I have a simple application that is running
Bumblebee, a framework in Elixir that allows me to run machine learning models with Phoenix. The repo is at GitHub - dwyl/image-classifier: 🖼️ Classify images and attempt to extract data from or describe their contents.
I have this application deployed on
fly.io, which sleeps after a period of inactivity. I’ve followed the instructions in Speed up your boot times with this one Dockerfile trick · The Phoenix Files to speed up the boot time of the
fly.io instance and it works to a certain extent - the model is properly cached in a volume and is not re-downloaded every time the instance is back up, being loaded when the app goes from sleep to active.
I’ve inclusively created a small guide to deploy this with
fly.io, in case anyone is interested. This was also discussed in Build failed with elixir bumblebee - #4 by matthewford.
While the app works normally, even if the models are cached, the amount of time the app takes to go from sleeping to active is roughly 25 seconds (I’m using a fairly large model - Salesforce/blip-image-captioning-large · Hugging Face - on a
performance-4x machine instance). I don’t know if this is normal or not and I realise it might be beyond my control.

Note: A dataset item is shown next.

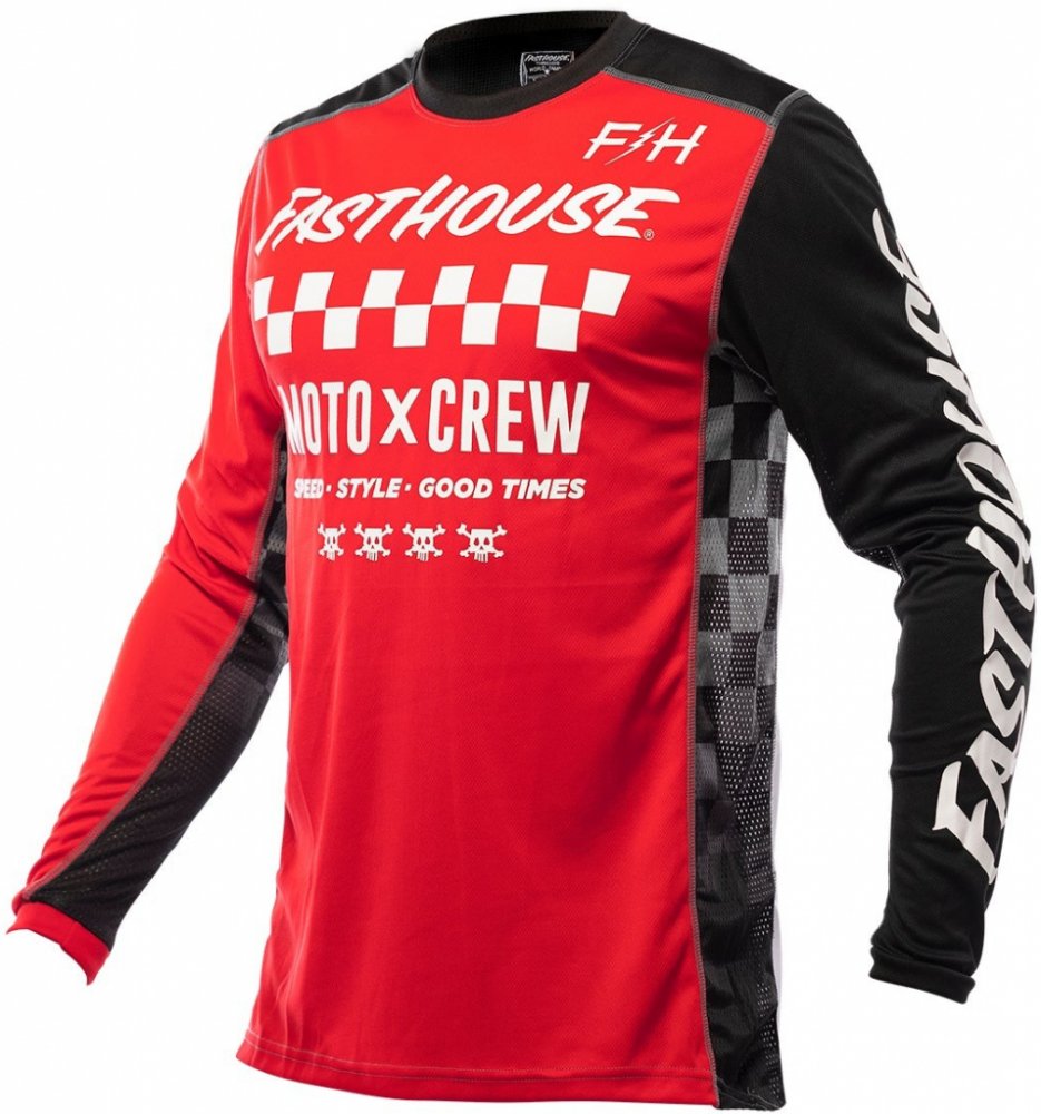 Motokrosový dres Fasthouse Grindhouse Alpha Jersey je určený pro jízdu na motokrosových, endurových či trialových motocyklech, případně lze použít i pro MTB a downhill. Velikost zvolte podle obvodu hrudníku jezdce kolem navléknutých chráničů hrudi, zad a podobně. Klíčové vlastnosti zahrnují: hloubkově barvený 100% polyester pro dlouhodobou odolnost barev i při zátěži a otěru, vlhkost odvádějící materiály, síťované látkové panely na bocích a zevnitř rukávů pro ještě lepší prodyšnost, žebrovaný okraj kolem krku a zápěstí, rukáv s možností zahnutí v dolní části u zápěstí, potisk sítotiskem, pevné overlock švy, prodloužená zadní část dresu v jeho dolní části, atletický střih, středně přiléhavý. Dresy, kalhoty i rukavice z různých sérií mezi sebou můžete libovolně kombinovat do jednoho kompletu, pouze barevnost by měla být sladěna.

2023-11-21T09:33:01.113 - Starting machine
2023-11-21T09:33:26.140 - Access AppWeb.Endpoint at https://imgai.fly.dev
I assume it’s taking 25 seconds to load the model into the CPU.
However, is there anything I can do to hopefully reduce this time? This is very much niche, but I’m curious if there’s anything I can do in practice besides scaling up the machines.
Thank you so much for reading